Data for the task:
********************
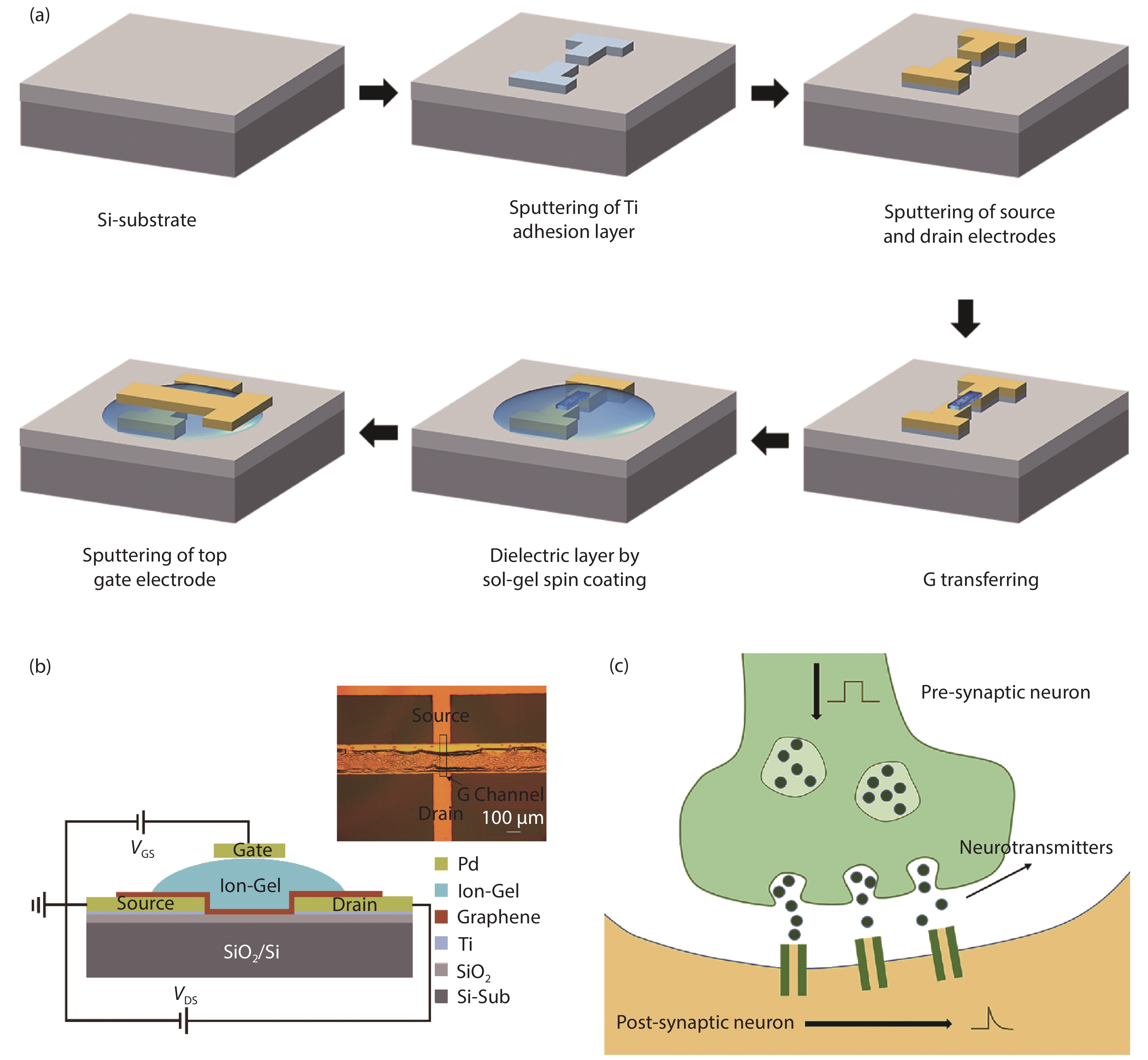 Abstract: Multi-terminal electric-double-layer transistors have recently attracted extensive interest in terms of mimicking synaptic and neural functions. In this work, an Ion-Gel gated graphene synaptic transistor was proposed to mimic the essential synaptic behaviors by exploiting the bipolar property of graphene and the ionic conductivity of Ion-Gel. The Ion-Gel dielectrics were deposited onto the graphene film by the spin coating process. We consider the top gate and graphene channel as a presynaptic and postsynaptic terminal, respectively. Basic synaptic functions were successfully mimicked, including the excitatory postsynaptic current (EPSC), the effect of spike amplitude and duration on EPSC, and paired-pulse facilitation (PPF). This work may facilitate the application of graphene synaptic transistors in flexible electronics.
********************
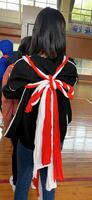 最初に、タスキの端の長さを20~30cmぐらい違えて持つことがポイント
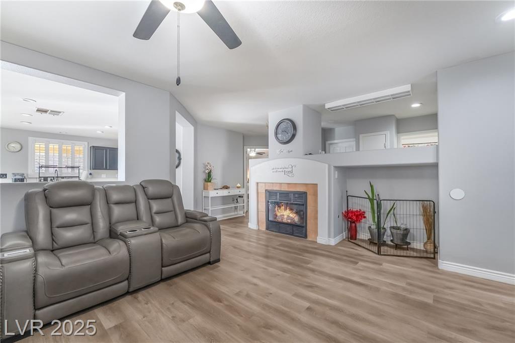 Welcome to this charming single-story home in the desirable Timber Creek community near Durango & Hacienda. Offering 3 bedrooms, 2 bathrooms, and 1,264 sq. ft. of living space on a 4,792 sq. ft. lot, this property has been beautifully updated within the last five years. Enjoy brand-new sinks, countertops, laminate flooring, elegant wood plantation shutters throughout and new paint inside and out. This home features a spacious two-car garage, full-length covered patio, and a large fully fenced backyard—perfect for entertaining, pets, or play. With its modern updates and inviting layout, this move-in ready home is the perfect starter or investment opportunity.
********************
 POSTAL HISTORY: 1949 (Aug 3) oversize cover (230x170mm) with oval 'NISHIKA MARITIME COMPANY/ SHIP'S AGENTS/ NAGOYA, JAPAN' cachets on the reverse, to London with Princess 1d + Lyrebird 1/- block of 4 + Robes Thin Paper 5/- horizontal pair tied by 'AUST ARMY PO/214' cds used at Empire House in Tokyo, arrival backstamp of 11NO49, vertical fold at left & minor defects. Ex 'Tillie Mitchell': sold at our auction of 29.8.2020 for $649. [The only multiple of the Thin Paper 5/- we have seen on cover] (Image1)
********************
Task directions:
Restate word for word every line from the one with "最初に、タスキの端の長さを20~30cmぐらい違えて持つことがポイント" up to and including the one with "Welcome to this" in the records above, minus the pictures.

Output for this task:
 最初に、タスキの端の長さを20~30cmぐらい違えて持つことがポイント
 Welcome to this charming single-story home in the desirable Timber Creek community near Durango & Hacienda. Offering 3 bedrooms, 2 bathrooms, and 1,264 sq. ft. of living space on a 4,792 sq. ft. lot, this property has been beautifully updated within the last five years. Enjoy brand-new sinks, countertops, laminate flooring, elegant wood plantation shutters throughout and new paint inside and out. This home features a spacious two-car garage, full-length covered patio, and a large fully fenced backyard—perfect for entertaining, pets, or play. With its modern updates and inviting layout, this move-in ready home is the perfect starter or investment opportunity.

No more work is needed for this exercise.